Kisah Sahabat Nabi yang Batal Puasa karena Lihat Istri
loading...
A
A
A
Syariat Allah Subhanahu wa ta'ala turunkan kepada umat Nabi Shallallahu alaihi wa sallam tidak untuk menyulitkan. Justru sebaliknya. Allah Ta'ala menjadikan ketetapan-Nya agar sesuai dengan kemampuan setiap orang. Hal ini juga ditegaskan dalam Al-Qur'an:
Allah Ta'ala berfirman :
"........Allah menghendaki kemudahan bagimu, dan tidak menghendaki kesukaran bagimu. Hendaklah kamu mencukupkan bilangannya dan mengagungkan Allah atas petunjuk-Nya yang diberikan kepadamu, agar kamu bersyukur." (QS Al Baqarah : 185)
Dalam hadis pun, Rasulullah Shallalahu alaihi wa sallam telah mengingatkan tentang hal itu. Hadis yang diriwayatkan oleh Imam al-Bukhari Rasulullah Shallallahu alaihi wa sallam bersabda “Sesungguhnya agama (islam) itu mudah, dan tidak ada satu orangpun yang mempersulitnya kecuali ia akan dibuat tak berdaya”. (HR Bukhari)
Dalam hadis lain, Rasulullah Shallalahu alaihi wa sallam menegaskan, "Apabila aku perintahkan kepada kalian untuk mengerjakan suatu perkara , maka laksanakanlah itu semampu kalian" (HR Bukhari-Muslim).

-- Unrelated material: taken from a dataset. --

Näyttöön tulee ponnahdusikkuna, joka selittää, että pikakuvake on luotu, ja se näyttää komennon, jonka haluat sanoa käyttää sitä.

Dua hadis sahih itu menekankan, prinsip dalam beragama yang ingin Rasulullah ajarkan dalam hadis tersebut adalah dalam beragama, apa yang bisa dipermudah janganlah dipersulit, karena jika kita mempersulit apa yang tak perlu dipersulit, maka kita sendiri yang akan kesusahan nantinya. Prinsip tersebut senantiasa Rasulullah SAW terapkan ketika beliau mengajarkan umatnya dalam urusan agama.
Di antara riwayat yang menjelaskan hal tersebut adalah riwayat yang mengkisahkan sikap beliau terhadap salah seorang sahabat yang membatalkan puasa Ramadannya, akibat tak bisa menahan nafsu biologisnya kepada sang istri di siang hari bulan Ramadan.

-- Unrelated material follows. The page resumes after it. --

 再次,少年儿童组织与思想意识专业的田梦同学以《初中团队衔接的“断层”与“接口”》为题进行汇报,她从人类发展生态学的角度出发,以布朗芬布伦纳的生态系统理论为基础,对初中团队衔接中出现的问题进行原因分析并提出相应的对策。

Dikisahkan dari sahabat Abu Hurairah radhiyallahu'anhu, ia berkata:
“Suatu hari ketika kami sedang duduk-duduk dengan Rasulullah Shallallahu alaihi wa sallam, datanglah seorang laki-laki menghadap Rasulullah SAW, dan berkata: “wahai Rasulullah celakalah aku” Rasulullah SAW pun menanggapi: “Apa yang terjadi dengamu?” lelaki itu menjawab: “aku berhubungan biologis dengan istriku ketika sedang berpuasa ramadan (di siang hari), Rasulullah SAW pun bertanya kepadanya: “apakah kamu memiliki seorang budak yang bisa kau merdekakan?”, ia menjawab: “Aku tidak punya wahai Rasul”,
Rasulullah SAW pun bertanya kembali:
“Apakah kamu mampu berpuasa dua bulan berturut-turut?” lelaki itu menjawab: “aku tidak mampu wahai Rasul”, Rasulullah SAW pun kembali bertanya: “Apakah kau memiliki persediaan makanan untuk memberi makan ke enam puluh orang miskin?” lelaki itu menjawab: “tidak wahai Rasul”.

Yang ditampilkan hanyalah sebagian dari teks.